LLMs are trained on a large set of training text data. However, often you might want it to focus on additional data, like providing it a set of documentation about your favorite software package, or a long document you want to summarize, etc. That’s where embeddings come in. Embeddings are where you take your own set of text data, and transform it into the vector representation of that text that the LLM understands.

At that point, you can do things like query the text you’ve uploaded to produce a summary. Or, perhaps of special interest to researchers, you can do things like perform cluster analysis or topic modeling on your LLM-generated sets of embeddings, looking for patterns in your data set in a different approach to traditional topic modeling that can take into account a much broader set of data than just your own.

“Querying the text you’ve uploaded” is something I haven’t needed to do myself yet, so I don’t know how to do it, although there’s a rapidly growing set of consumer-facing products that claim to do this, so go hunting for something that does it for you.2

The openai package has a tool for creating embeddings, but you may want to surround that with a tool that makes the whole process easier, LangChain. We’re fully in Python now.

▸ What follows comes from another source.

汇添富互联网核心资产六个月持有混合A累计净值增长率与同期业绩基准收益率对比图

I stole and modified much of this code from somewhere, I believe the LangChain website:

# Load in LangChain and OpenAI tools
from langchain.agents import create_pandas_dataframe_agent
import tiktoken
from openai.embeddings_utils import get_embedding
import openai

# Standard data-processing
import numpy as np
import pandas as pd

# We'll do cluster analysis on these
from sklearn.cluster import KMeans

openai.api_key = "YOUR API KEY HERE"

# Use an OpenAI model specific to embedding
embedding_model = "text-embedding-ada-002"
embedding_encoding = "cl100k_base"  # this the encoding for text-embedding-ada-002

# Max token length, set very high for longer strings
max_tokens = 8000

# My text data to embed, in this case it's many small strings
# But could be one big long string
df = pd.DataFrame({'my_text': ['I hated my meal.', 'I loved the meal!', 
                               'The meal was ok.', 'French fries were bomb.']})

# Get our text encoding
encoding = tiktoken.get_encoding(embedding_encoding)

# omit any strings too long to embed
# Based on our maximum token length
df["n_tokens"] = df.my_text.apply(lambda x: len(encoding.encode(x)))
df = df[df.n_tokens <= max_tokens]

# Actually embed the text
df["embedding"] = df.my_text.apply(lambda x: get_embedding(x, engine=embedding_model))

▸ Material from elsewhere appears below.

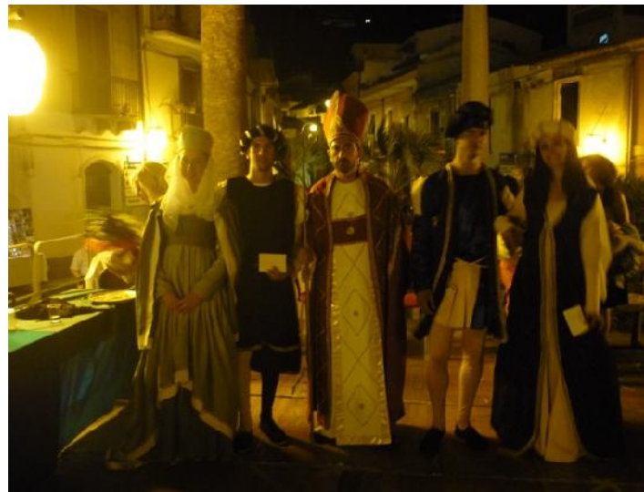
Nella foto i premiati del concorso dei costumi d'epoca

Più che positivo il bilancio della Kermesse Medioevale (Feste/Sagre Medioevali), organizzata annualmente dal Comune con la collaborazione delle associazioni locali e di privati cittadini. A tracciare un bilancio positivo sul "Medioevo Fest", il percorso affollato di turisti e appassionati (tra piazza del Mercato e via Duomo), che, provenienti da ogni dove, hanno letteralmente preso d'assalto "la città dei castelli", vedendo cavalli e cavalieri in prove di abilità, tra cui il gioco del cerchio, del paladino e della selvaggina. L'appuntamento più atteso la festa medioevale, con la performance teatrale davanti al sacro della chiesa del SS. Crocifisso (sul monte castello) ed il centro storico trasformato per l'occasione in una ambientazione medioevale, che ha visto sfilare il Corteo Storico ed esibirsi musicisti e giullari, sbandieratori e cavalieri. Apprezzati gli sforzi del direttore artistico, il cantastorie e attore Luigi Di Pino.

# Now to do cluster analysis on the results
# Granted, with four obs this won't mean much
matrix = np.vstack(df.embedding.values)
n_clusters = 2
kmeans = KMeans(n_clusters = n_clusters, init='k-means++', random_state=42)
kmeans.fit(matrix)
df['Cluster'] = kmeans.labels_

df[['my_text','n_tokens','Cluster']]
# 	my_text	                n_tokens Cluster
# 0	I hated my meal.	5	 0
# 1	I loved the meal!	5	 0
# 2	The meal was ok.	5	 0
# 3	French fries were bomb.	5	 1

The other neat thing about this is that you can also use AI to label the clusters you’ve identified, which text-analysis researchers (or factor analysis researchers, for that matter) will know is a pain sometimes.

# Pick this many random reviews from each cluster
# to determine what the cluster's theme is
# (note with n = 1 here this is indeed useless, but you can see the code)
rev_per_cluster = 1

# Use AI to label the clusters for us!
for i in range(n_clusters):
    print(f"Cluster {i} Theme:", end=" ")

    reviews = "\n".join(
        df[df.Cluster == i]
        .my_text
        .sample(rev_per_cluster, random_state=42)
        .values
    )
    response = openai.Completion.create(
        engine="text-davinci-003",
        prompt=f'What do the following customer reviews have in common?\n\nCustomer reviews:\n"""\n{reviews}\n"""\n\nTheme:',
        temperature=0,
        max_tokens=64,
        top_p=1,
        frequency_penalty=0,
        presence_penalty=0,
    )
    print(response["choices"][0]["text"].replace("\n", ""))

    sample_cluster_rows = df[df.Cluster == i].sample(rev_per_cluster, random_state=42)
    for j in range(rev_per_cluster):
        print(sample_cluster_rows.my_text.values[j][0:100], end="\n")

    print("-" * 55)

# Cluster 0 Theme:  Unsatisfied customer
# I hated my meal.
# -------------------------------------------------------
Cluster 1 Theme:  Positive feedback about the French fries.
French fries were bomb.
# -------------------------------------------------------

4. Running Other LLMs Locally

OpenAI and other chat-based models (some of which are based on OpenAI) takes up a big part of the LLM discussion, but they are not the only game in town! There are many smaller LLMs that do not have public open-access usage capabilities and must be run on your own machine (or perhaps just can be run from your own machine). There’s LLaMa, for example. Much more interesting to me is the growing number of niche LLMs trained on a specialized set of data. In particular, it was a desire to use the BioMedLM and Galactica LLMs that led me to want to do this. These are trained on PubMed articles, and science articles generally, respectively. This kind of thing seems like the way to use LLMs if you want them to have some sort of specialized knowledge, not just popping open ChatGPT and hoping for the best (although, who knows!).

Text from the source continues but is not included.